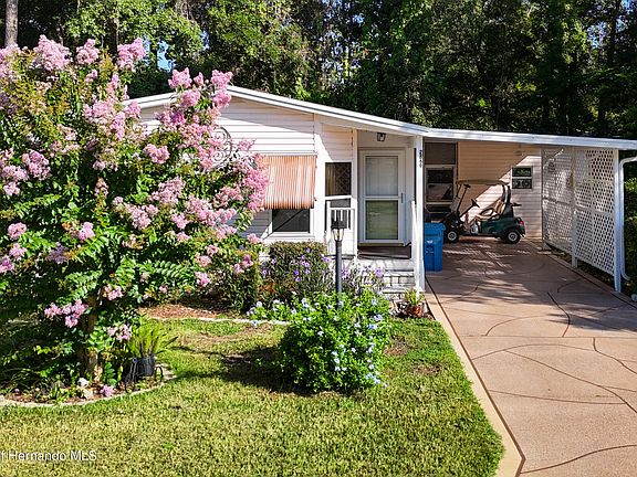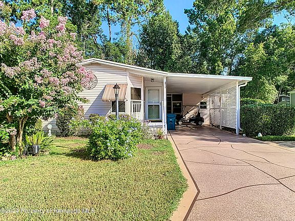 Adorable and FULLY FURNISHED 2 bedroom, 2 bath home is located in the desirable 55+ community of Sylvan Grove/Glen Raven. As you approach you will immediately notice the deco designed driveway with a side paver walkway. Step inside to a spacious living room/dining room combo with newer carpet and high ceilings. The expansive eat-in kitchen features lots of cabinets, newer counters and ample space and storage for all your cooking needs. The master bedroom is generous in size, has newer carpets and double closets and features a master bath. The second bedroom is also roomy in size. A dedicated laundry room includes the washer & dryer and leads directly to the storage room. Relax and enjoy your morning coffee or entertain your family/guests in your enclosed Florida room. Other amazing features include the roof replaced in 2022, new flooring throughout, and well-maintained. The community features great amenities such as a pool, shuffleboard courts and recreational facilities. The clubhouse offers lots of activities. Golf courses, Weeki Wachee Springs State Park, Rogers Park, Pine Island Beach, and other popular swimming destinations are only a short drive. Located close to shopping, restaurants, hospitals, entertainment, conveniently located close to the Suncoast Parkway for work or play! Enjoy everything Tampa Bay has to offer from the new Downtown Riverwalk, TOP US BEACHES, boating, fishing, golfing, cultural entertainment, and museums...and of course year-round beautiful weather! Furniture, contents and Golf Cart with brand new batteries included.
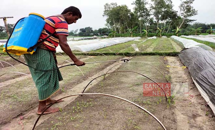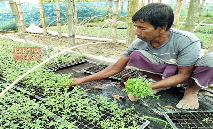 আগাম সবজি চাষে বীজতলায় ব্যস্ত কৃষক। ছবি: কাওছার উল্লাহ আরিফ
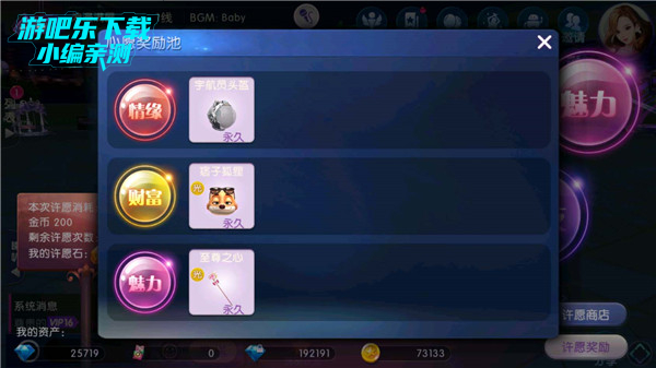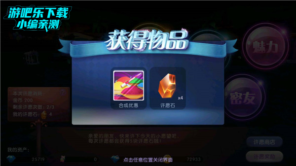 玩家们每人每天有3次许愿机会,直接点击许愿类型便会自动开启许愿仪式,许愿完成后,玩家们便可获得许愿石或者不同类型对应的神秘奖励,每次的奖励都是随机的,界面左下角还会显示我们目前拥有的许愿石数量以及当前许愿消耗。
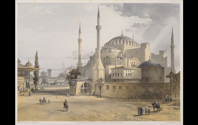Ένα αντίτυπο του «Aya Sofia, Constantinople» (Λονδίνο 1852), με 25 λιθογραφίες χαραγμένες σε σχέδια του αρχιτέκτονα G. Fossati, που οργάνωσε τις εργασίες αποκατάστασης του μνημείου των ετών 1847-1849.
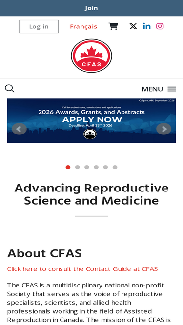 74%the cfas is a multidisciplinary national non-profit society that serves as the voice of reproductive specialists, scientists, and allied health professionals working in the field of assisted reproduction in canada. the mission of the cfas is to responsibly advance reproductive science and medicine in canada through leadership, research and guidance.
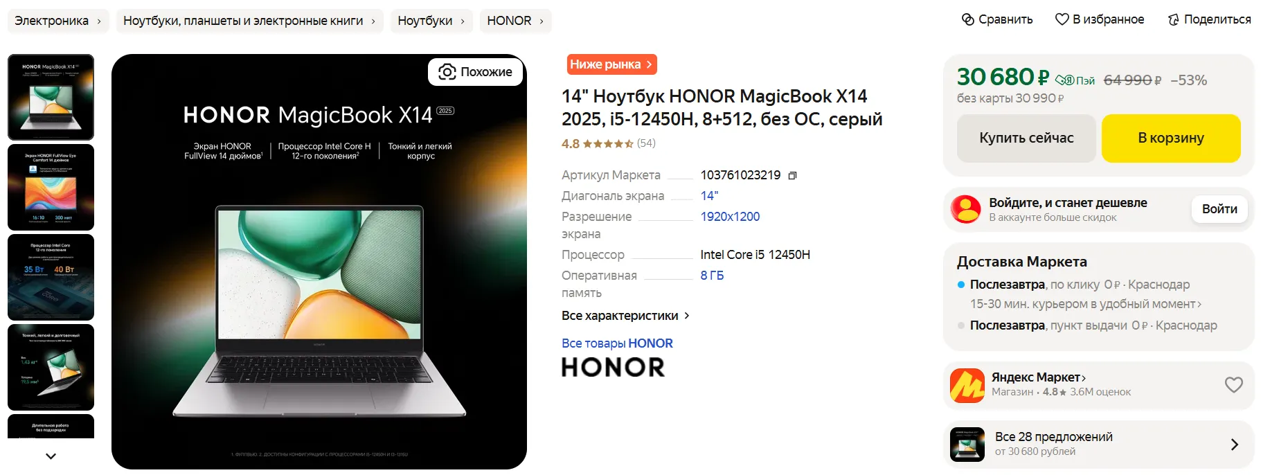 Бинго для тех, кто относится к последнему типу и при этом не хочет тратить кучу денег на покупку нового ноута: Honor MagicBook X14 (2025). Сейчас за эту модель просят всего 30 990 рублей на Маркете.
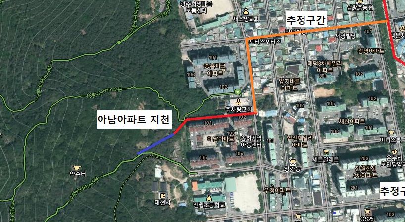아남아파트 옆쪽을 흘러서 아남아파트지천이라 이름붙였습니다. 이 하천도 동네를 개발하는 과정에서 과거 선형이 날라가는 바람에 합류점부터 추정구간입니다...;; 하지만 박스로 합류하는 흔치않은 지천이므로 중요합니다.
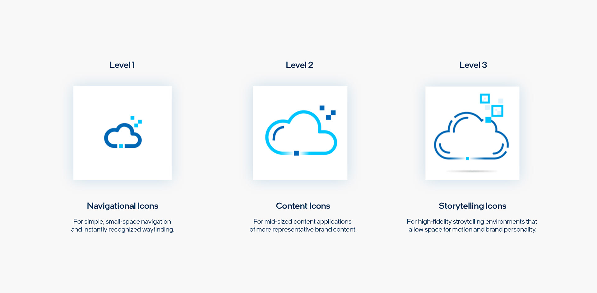 The newly developed icon system establishes a more unified, consistent and flexible standard across all Intel properties. It is built on a multi-level, fidelity-based framework that embodies the new “Spark” brand motif.
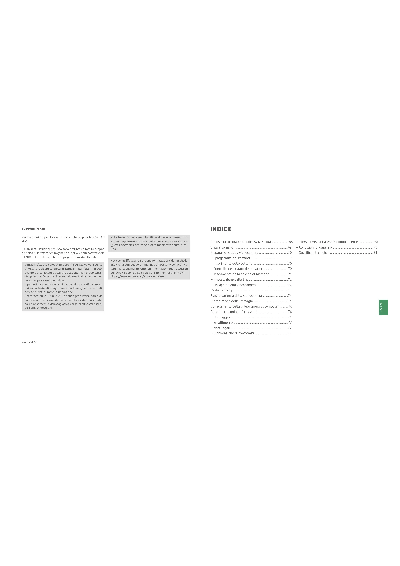 Le presenti istruzioni per l‘uso sono destinate a fornire suppor- to nel familiarizzare con la gamma di opzioni della fototrappola MINOX DTC 460 per poterla impiegare in modo ottimale. Consigli: L‘azienda produttrice si è impegnata da ogni punto di vista a redigere le presenti istruzioni per l‘uso in modo quanto più completo e accurato possibile. Non si può tutta- via garantire l‘assenza di eventuali errori od omissioni nel corso del processo tipografico. Il produttore non risponde né dei danni provocati da tenta- tivi non autorizzati di aggiornare il software, né di eventuali perdite di dati durante la riparazione. Per favore, salva i tuoi file! L‘azienda produttrice non è da considerarsi responsabile della perdita di dati provocata da un apparecchio danneggiato a causa di supporti dati o periferiche illeggibili. Nota bene: Gli accessori forniti in dotazione possono ri- sultare leggermente diversi dalla precedente descrizione. Questo pacchetto potrebbe essere modificato senza prea- vvisi. Nota bene: Eettua sempre una formattazione della scheda SD. File di altri supporti multimediali possono compromet- tere il funzionamento. Ulteriori informazioni sugli accessori per DTC 460 sono disponibili sul sito internet di MINOX: https://www.minox.com/en/accessories/66 6766 67 Italiano
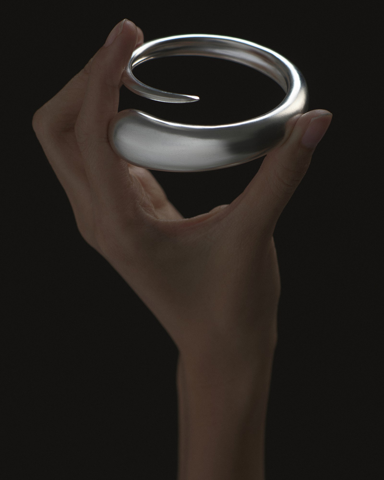 Spiral Tusk Cuff is a new expression of the brand’s signature Tusk series. PATTARAPHAN’s key minimalist elephant tusk form is reworked through the spiral, introducing controlled curves and a sculptural silhouette. The cuff marks the first exploration of the spiral motif in wearable form.
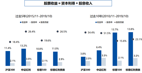 接下来我们再看一下,刚才这个是在时间轴上看到的一个情况,我们现在来看一下在另外一个层面上看到的情况,我把每一个指数都横向对比了一下,看看在A股市场上是怎么样的一个水平。我统计两个不同的区间,股票收益我们可以拆成资本利得+股息收入。资本利得就是大家看到帐面上的浮盈浮亏,所谓的股息收入就是上市公司分红,虽然它股价回落,但是你拿到了现金,就相当于是一个比较稳定的收入,所以我们把股票收益拆成这两部分。过去五年,从2015年一直到2019年的时间周期,比如沪深300它整体平均年化收益率特别高11%,11%收益里面股息率大概是2%,2%除以11%接近18%的水平,也就是说沪深300全收益指数上涨有18%是来自于股息收入。
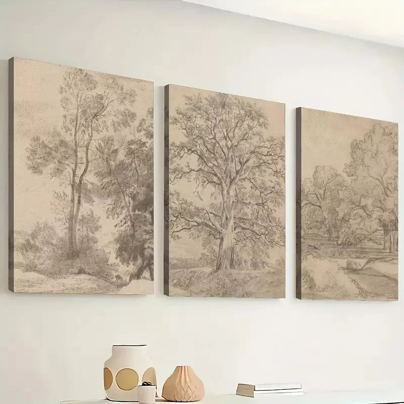 3pcs Simple Style trees, sketch retro Paint Wall Art Set Canvas Framed 40x60cm - High Quality Print 100% Australian Made Wall Canvas Ready to Hang
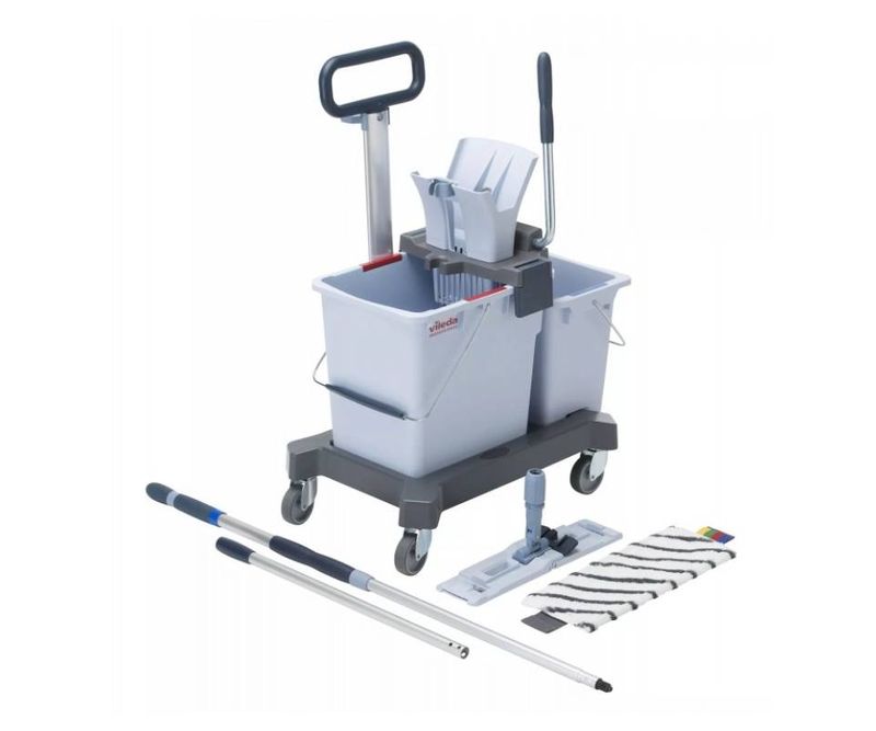 • Kitul Ready To Go include doua galeti cu storcator, sasiu, maner universal extensibil Vileda, cadru UltraSpeed Pro de 16 inchi si un mop UltraSpeed Trio.
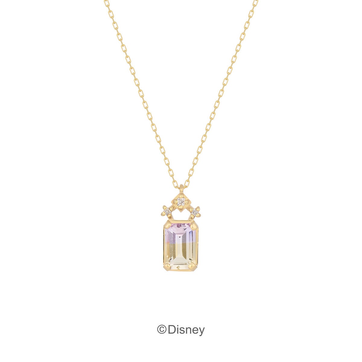 無数のランタンが夜空に浮かぶ、幻想的でロマンティックなシーンを、パープルとイエローカラーのグラデーションが特徴的なアメトリンとダイヤモンドの力強い輝きで表現。可愛らしさは残しつつも、洗練されたシンプルなスクエアデザインに落とし込むことで、幅広い世代に身に着けていただきやすいデザインに仕上げました。「癒し」や「自己の能力を伸ばす」といった石言葉を持つアメトリンが、「ラプンツェル」のような勇敢な一歩を後押しします。
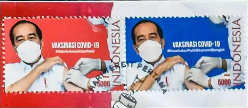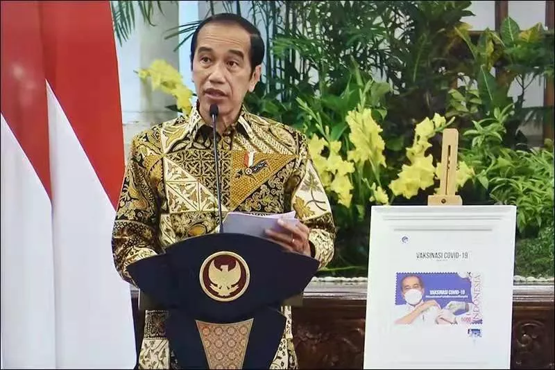 当地时间2月26日,印尼总统佐科出席新冠疫苗接种系列邮票发行仪式。佐科总统接种中国科兴疫苗的画面印在了邮票上,以增强民众对新冠疫苗有效性的信任。
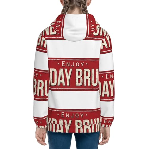 Retro Sunday Brunch Kids Pullover Hoodies Boys Zip Up Sweatshirts Girls Athletic Clothes with Pocket 5
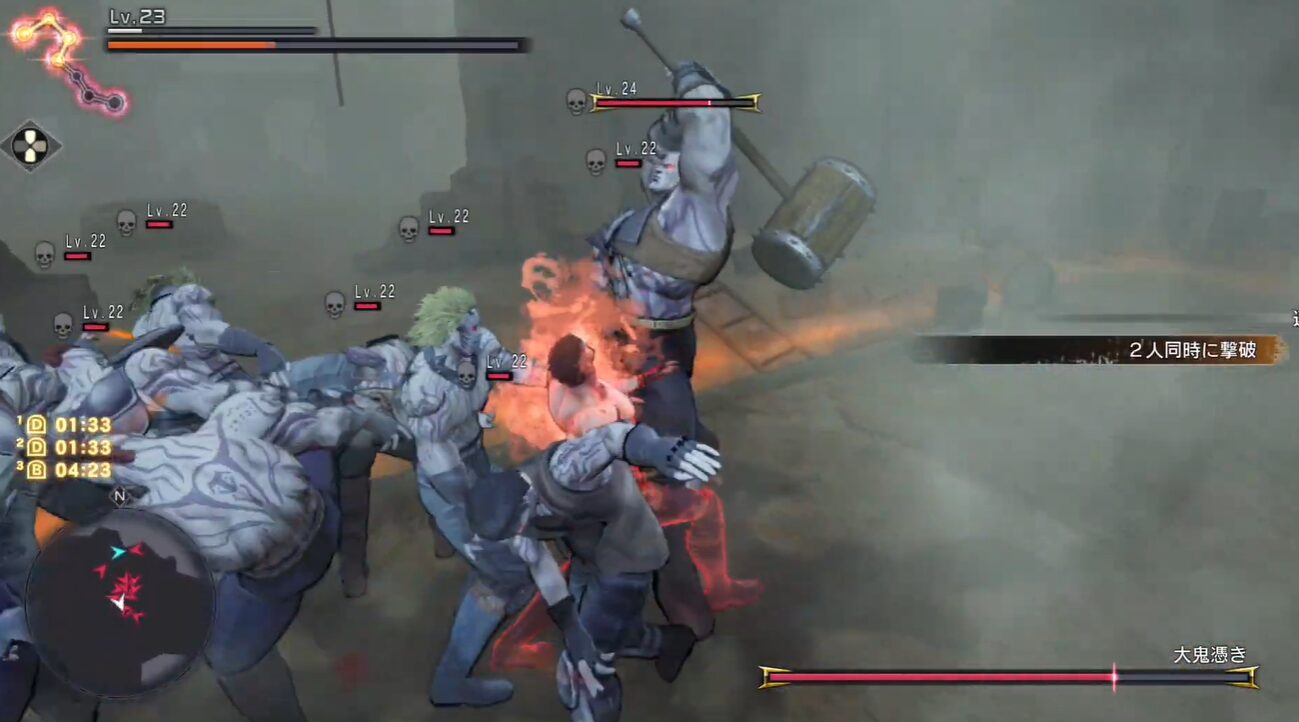 鬼憑き村に入ると、到着直後から複数回の戦闘が続きます。集団戦で一番まずいのは、攻撃を欲張って囲まれ、短時間で体力を削られる展開です。基本は「位置取りを整える→相手をばらけさせる→孤立した相手から落とす」という順番で、密集を作らないように立ち回ります。
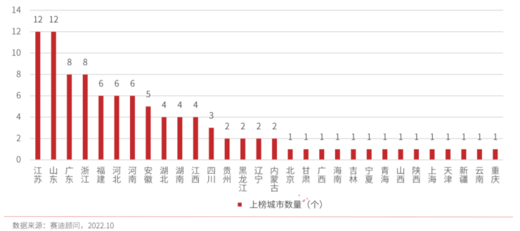 《报告》显示,2022年,数字城市百强主要分布在经济发展水平较高的地区。从区域分布看,华东地区百强城市数量居首,共48个城市上榜。从省级行政区域分布看,江苏和山东上榜城市数量均为12个,广东和浙江上榜城市数量均为8个。
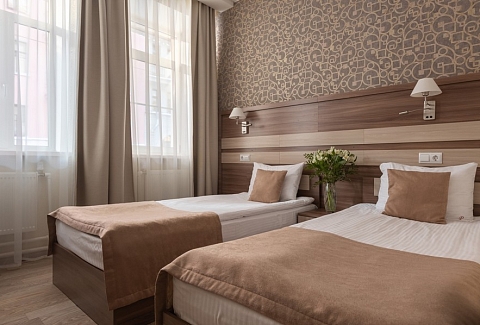 Поездом до ж/д вокзала Московский (г. Санкт-Петербург), далее на метро до станции «Гостиный двор», далее на метро до станции «Петроградская», далее пройти пешком 760 м до отеля.
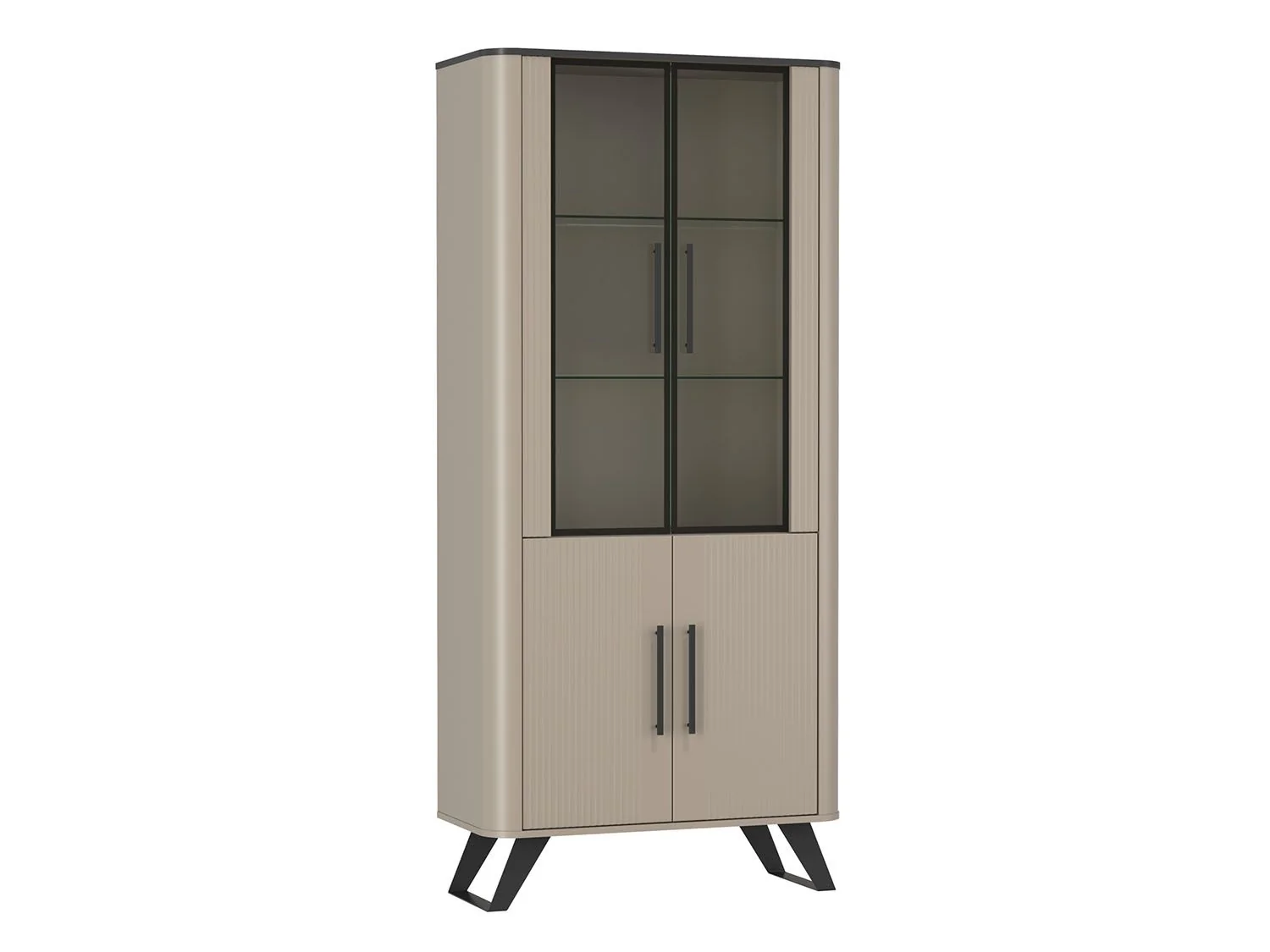 Фиделия шкаф витрина 76.01 серый камень / мрамор черный — яркое и современное изделие для гостиной комнаты.
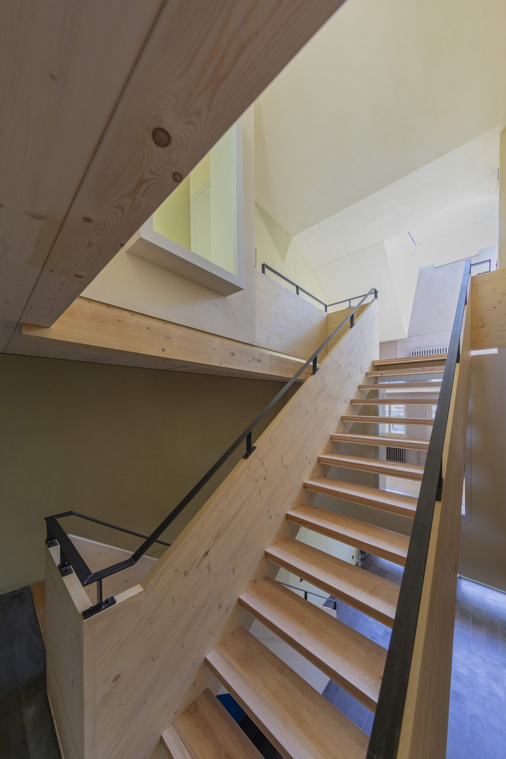 The building is accessed via the central, newly created inner courtyard. This also illuminates the inner parts of the building via the skylights in the attic. From the rooms bordering the courtyard, there are numerous visual connections via interior windows.
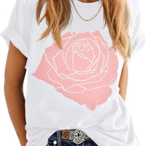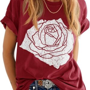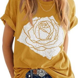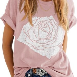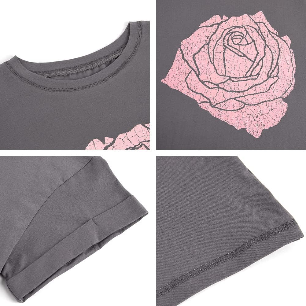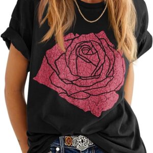 Womens Rose Graphic Tee T Shirt Loose Fit Summer Short Sleeve Casual Boyfriend Crew Neck Tops
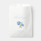 Saco de favores florais de hydrangea Chic e na moda com script de escova 'Obrigado' em azul empoeirado, nomes de casais e data. Personalize para fazer isso você tem um presente especial.
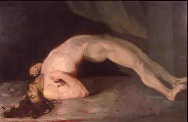 Muscular spasms (specifically opisthotonos) in a patient suffering from tetanus. Painting by Sir Charles Bell, 1809.

* * *

◆ Task instructions
Using the data above, copy exactly the lines from the one containing "আগাম সবজি চাষে" to the one containing "Ένα αντίτυπο του", inclusive. Exclude the pictures.

◆ Output of the exercise
 আগাম সবজি চাষে বীজতলায় ব্যস্ত কৃষক। ছবি: কাওছার উল্লাহ আরিফ
 玩家们每人每天有3次许愿机会,直接点击许愿类型便会自动开启许愿仪式,许愿完成后,玩家们便可获得许愿石或者不同类型对应的神秘奖励,每次的奖励都是随机的,界面左下角还会显示我们目前拥有的许愿石数量以及当前许愿消耗。
Ένα αντίτυπο του «Aya Sofia, Constantinople» (Λονδίνο 1852), με 25 λιθογραφίες χαραγμένες σε σχέδια του αρχιτέκτονα G. Fossati, που οργάνωσε τις εργασίες αποκατάστασης του μνημείου των ετών 1847-1849.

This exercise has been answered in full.